### ENTRIES SHOWN:
* * * * *
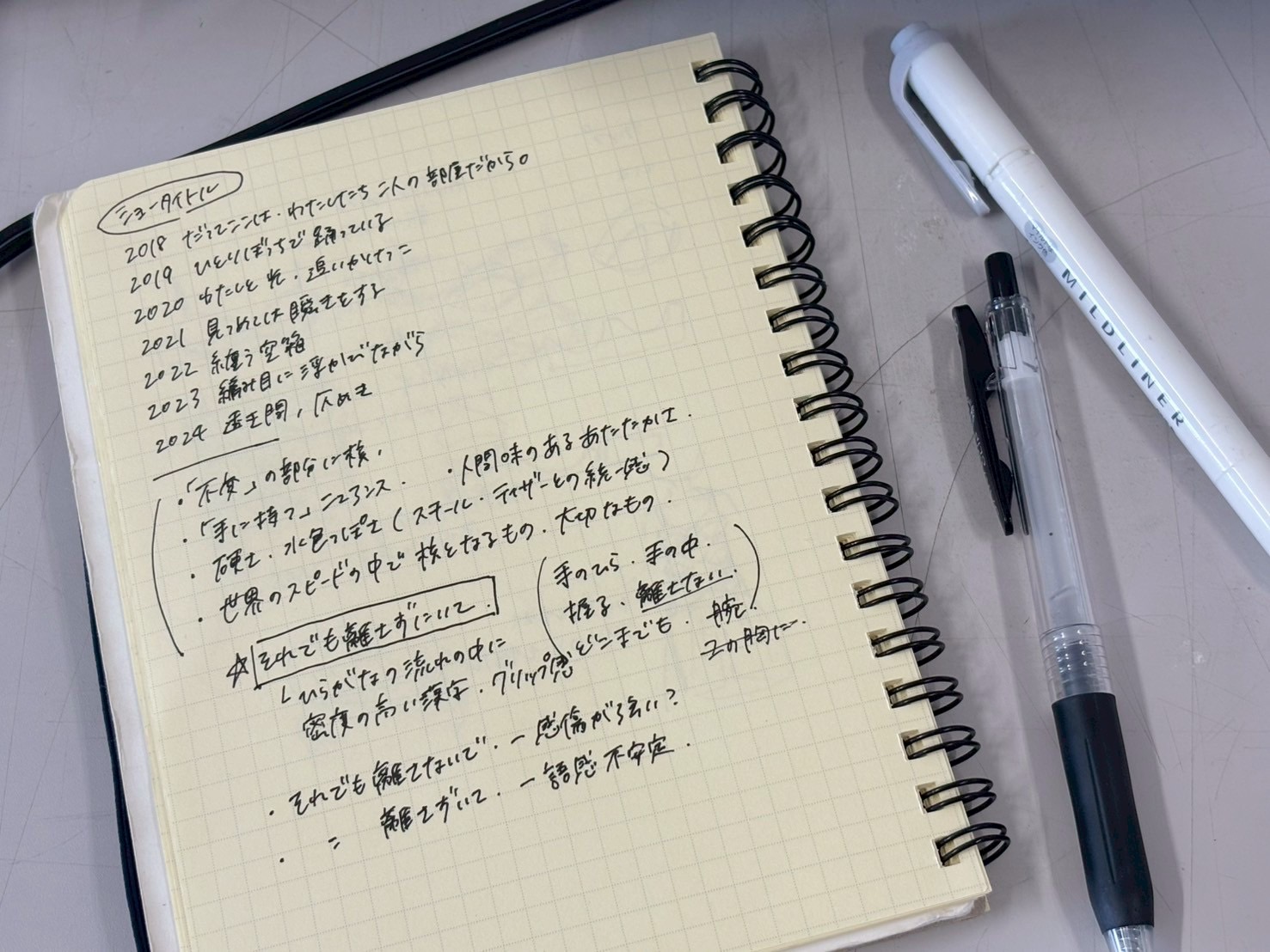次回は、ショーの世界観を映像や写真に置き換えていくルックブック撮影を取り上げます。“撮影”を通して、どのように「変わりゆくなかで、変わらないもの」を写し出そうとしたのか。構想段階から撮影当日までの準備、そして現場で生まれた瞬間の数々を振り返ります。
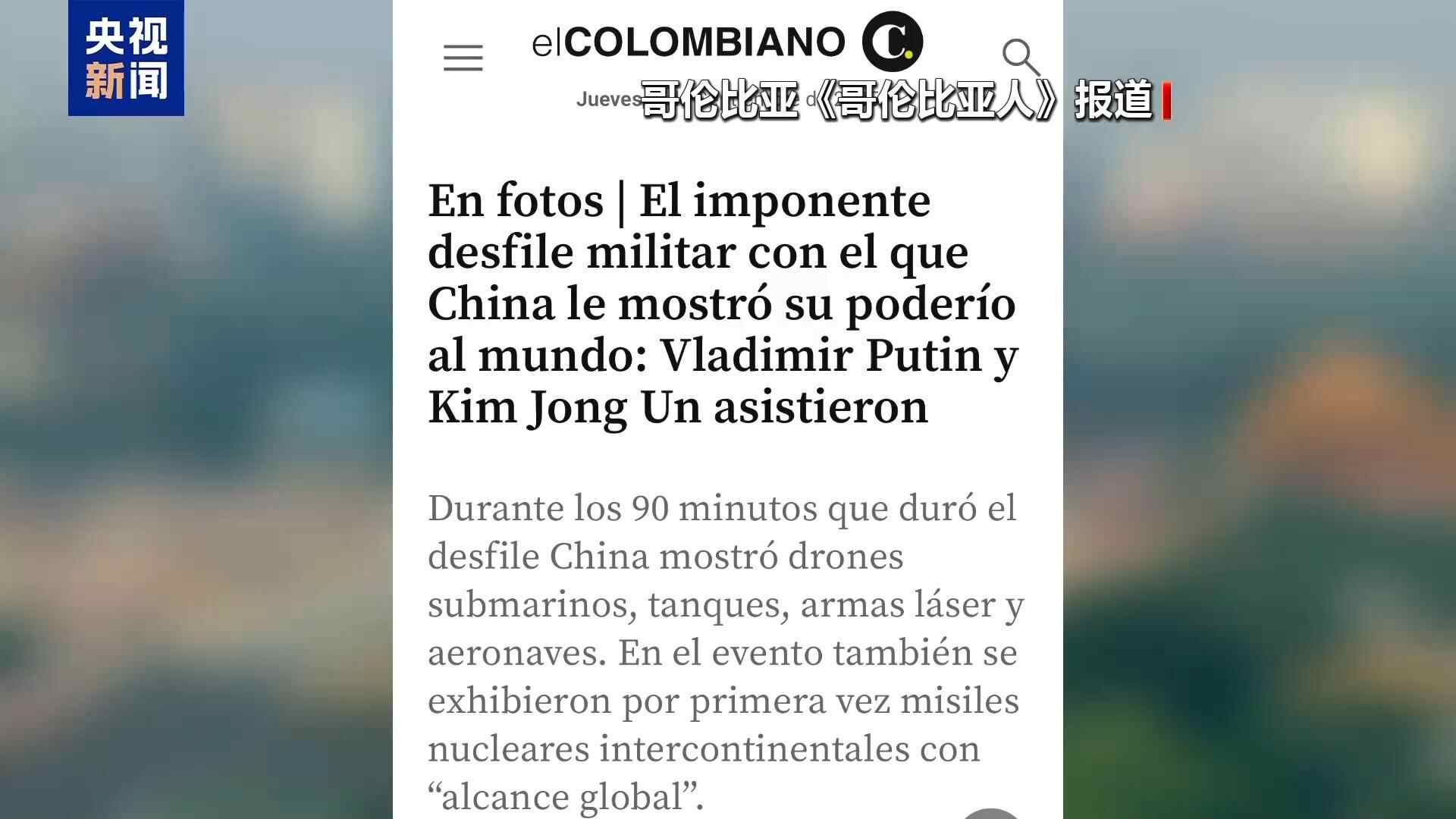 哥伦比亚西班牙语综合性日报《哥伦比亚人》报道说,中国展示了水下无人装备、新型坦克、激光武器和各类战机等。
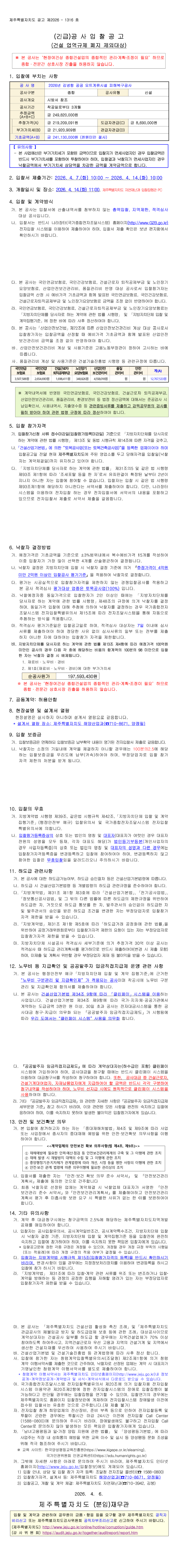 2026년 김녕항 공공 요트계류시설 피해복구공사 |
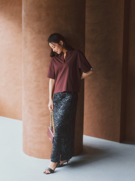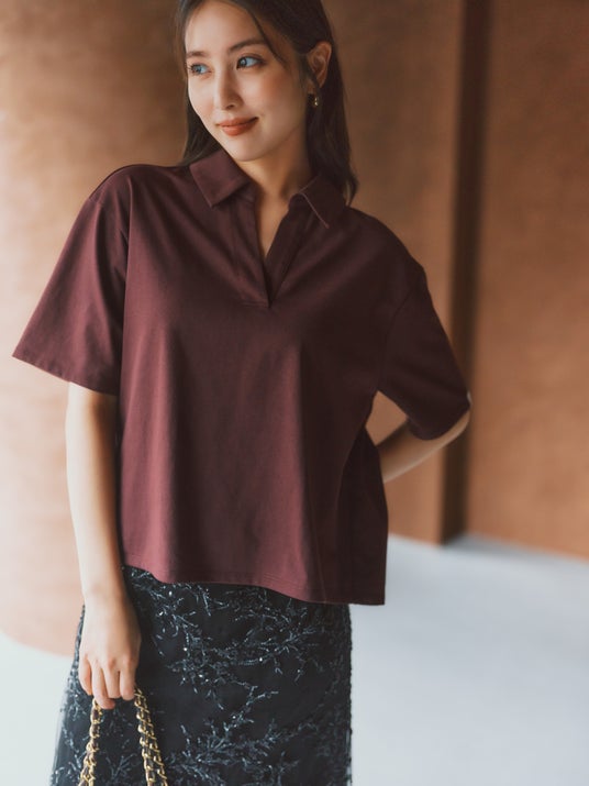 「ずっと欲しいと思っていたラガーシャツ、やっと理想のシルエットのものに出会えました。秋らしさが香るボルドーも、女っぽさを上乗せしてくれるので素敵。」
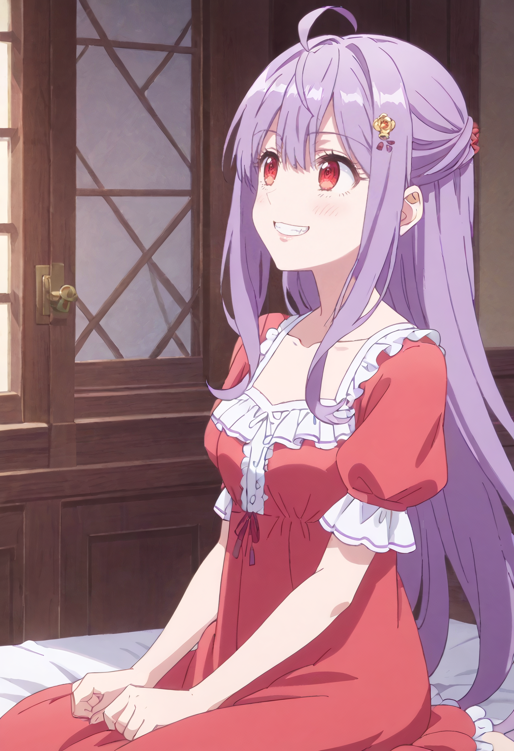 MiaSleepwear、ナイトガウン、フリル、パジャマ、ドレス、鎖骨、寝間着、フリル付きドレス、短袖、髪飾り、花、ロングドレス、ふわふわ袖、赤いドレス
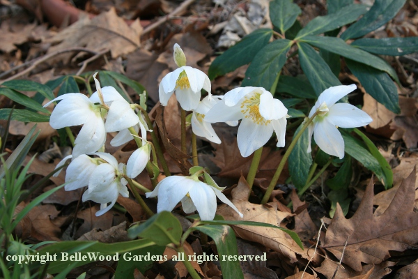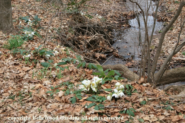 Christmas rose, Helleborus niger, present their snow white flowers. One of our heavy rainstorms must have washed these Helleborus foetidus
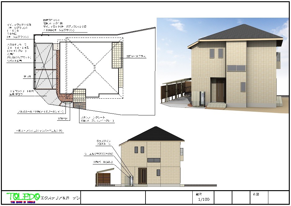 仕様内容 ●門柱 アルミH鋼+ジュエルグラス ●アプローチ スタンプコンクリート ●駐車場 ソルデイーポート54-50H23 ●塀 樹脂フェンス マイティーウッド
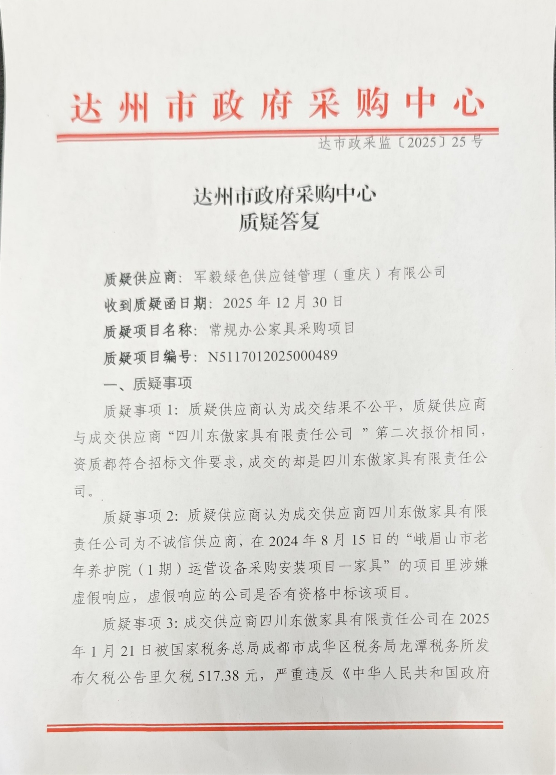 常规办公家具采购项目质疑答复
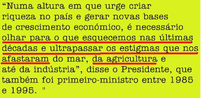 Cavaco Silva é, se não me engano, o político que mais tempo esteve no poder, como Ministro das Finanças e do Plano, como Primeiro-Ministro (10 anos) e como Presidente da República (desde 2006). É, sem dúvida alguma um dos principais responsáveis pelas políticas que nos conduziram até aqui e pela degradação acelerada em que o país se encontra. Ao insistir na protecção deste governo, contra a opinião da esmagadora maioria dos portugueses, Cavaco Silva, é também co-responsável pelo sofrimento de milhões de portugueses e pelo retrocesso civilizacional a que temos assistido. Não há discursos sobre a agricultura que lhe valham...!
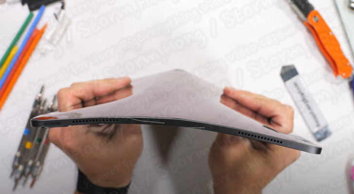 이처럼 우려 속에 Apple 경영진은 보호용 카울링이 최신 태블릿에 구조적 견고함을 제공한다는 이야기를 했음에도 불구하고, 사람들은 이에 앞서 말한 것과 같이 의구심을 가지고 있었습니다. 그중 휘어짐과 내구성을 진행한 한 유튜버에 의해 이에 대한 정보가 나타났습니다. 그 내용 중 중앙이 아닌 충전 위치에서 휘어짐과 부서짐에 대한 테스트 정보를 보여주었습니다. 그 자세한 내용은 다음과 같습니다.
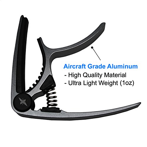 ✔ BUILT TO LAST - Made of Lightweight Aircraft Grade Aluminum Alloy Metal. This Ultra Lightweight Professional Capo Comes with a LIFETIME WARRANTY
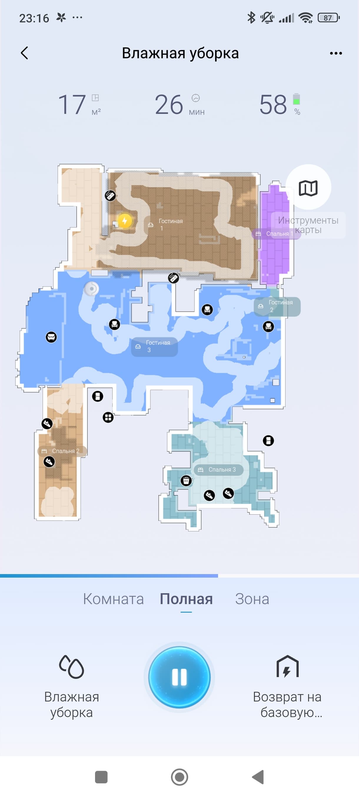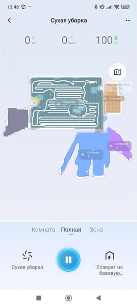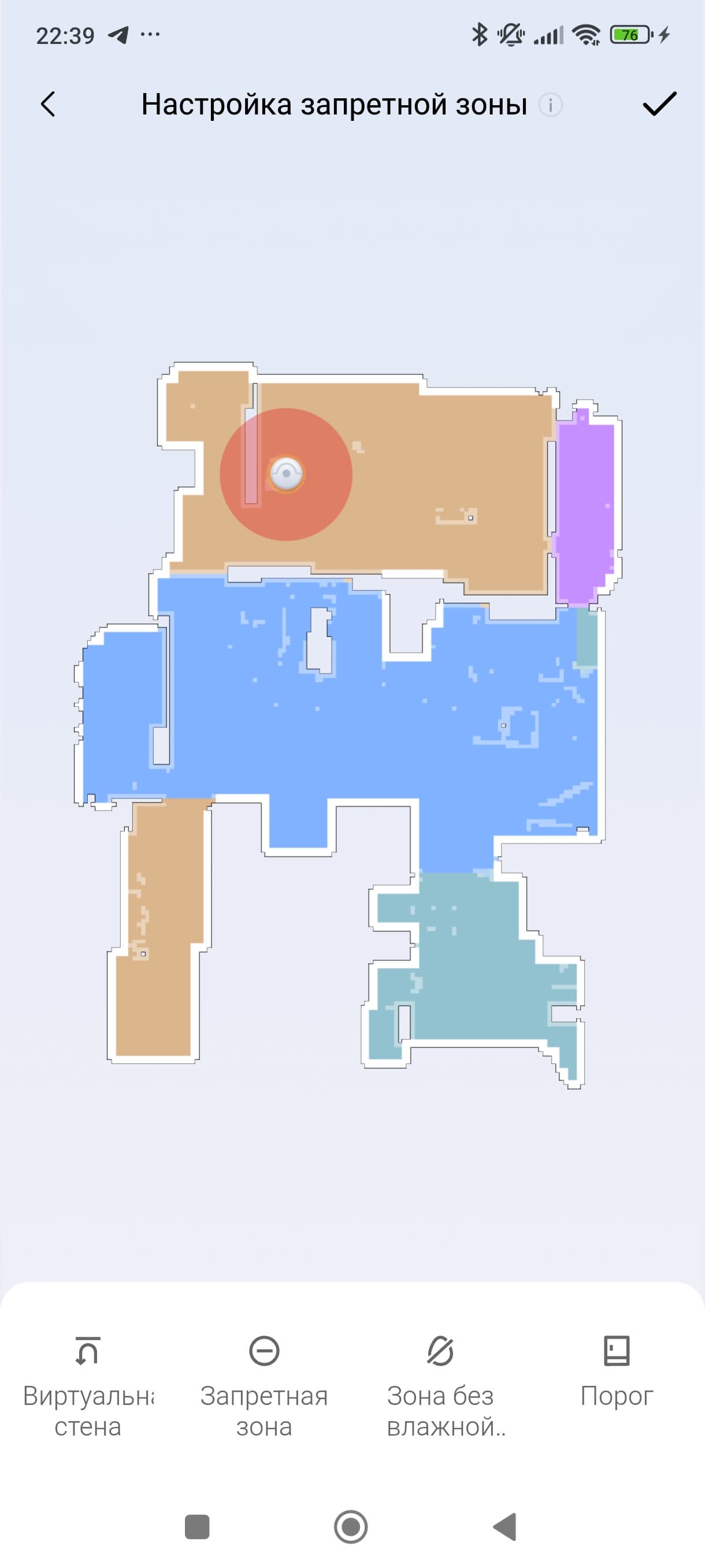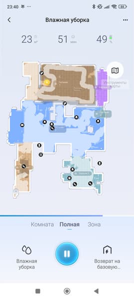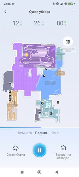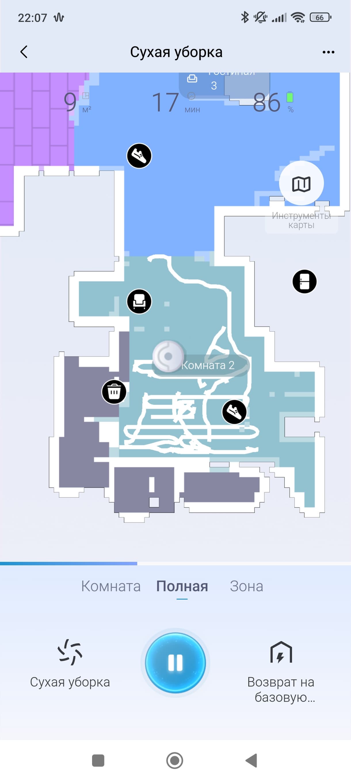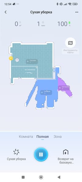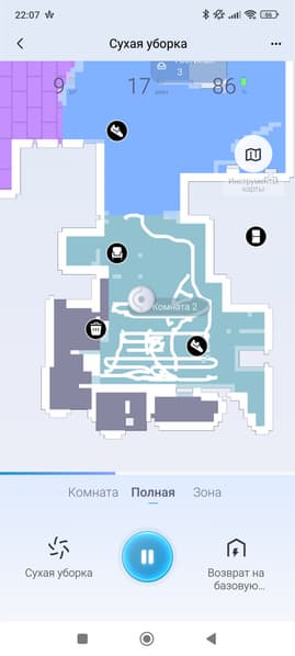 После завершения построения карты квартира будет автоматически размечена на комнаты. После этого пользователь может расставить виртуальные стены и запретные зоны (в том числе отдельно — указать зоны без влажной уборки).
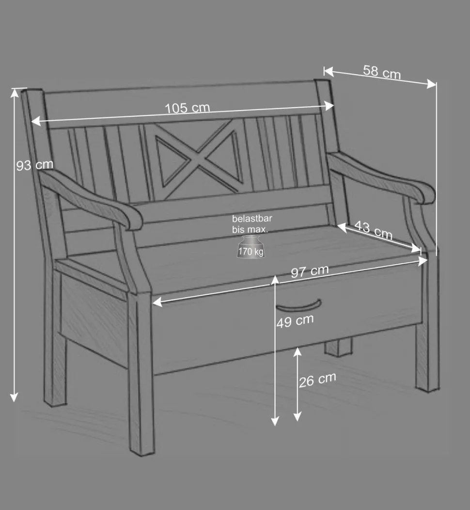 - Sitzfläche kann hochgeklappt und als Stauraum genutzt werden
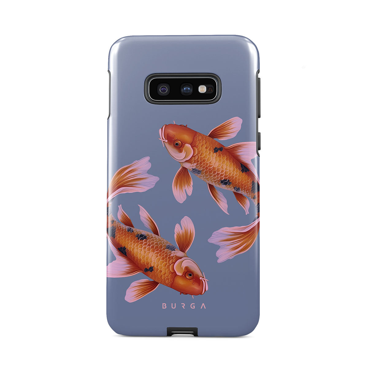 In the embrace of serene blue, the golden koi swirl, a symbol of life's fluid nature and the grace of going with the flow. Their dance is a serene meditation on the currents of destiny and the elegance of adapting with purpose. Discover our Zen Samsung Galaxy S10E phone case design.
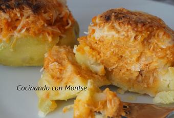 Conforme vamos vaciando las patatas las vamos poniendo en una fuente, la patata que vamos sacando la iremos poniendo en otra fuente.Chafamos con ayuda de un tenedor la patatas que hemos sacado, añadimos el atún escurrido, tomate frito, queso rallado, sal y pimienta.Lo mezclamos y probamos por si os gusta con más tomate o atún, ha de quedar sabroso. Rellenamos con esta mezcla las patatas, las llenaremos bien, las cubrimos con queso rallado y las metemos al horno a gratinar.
* * * * *
### REQUIRED ACTION:
Within the entries above, the lines from the one containing "이처럼 우려 속에 Apple" through the one containing "После завершения построения" are to be transcribed exactly, ends included, pictures excluded.

### REPLY:
 이처럼 우려 속에 Apple 경영진은 보호용 카울링이 최신 태블릿에 구조적 견고함을 제공한다는 이야기를 했음에도 불구하고, 사람들은 이에 앞서 말한 것과 같이 의구심을 가지고 있었습니다. 그중 휘어짐과 내구성을 진행한 한 유튜버에 의해 이에 대한 정보가 나타났습니다. 그 내용 중 중앙이 아닌 충전 위치에서 휘어짐과 부서짐에 대한 테스트 정보를 보여주었습니다. 그 자세한 내용은 다음과 같습니다.
 ✔ BUILT TO LAST - Made of Lightweight Aircraft Grade Aluminum Alloy Metal. This Ultra Lightweight Professional Capo Comes with a LIFETIME WARRANTY
 После завершения построения карты квартира будет автоматически размечена на комнаты. После этого пользователь может расставить виртуальные стены и запретные зоны (в том числе отдельно — указать зоны без влажной уборки).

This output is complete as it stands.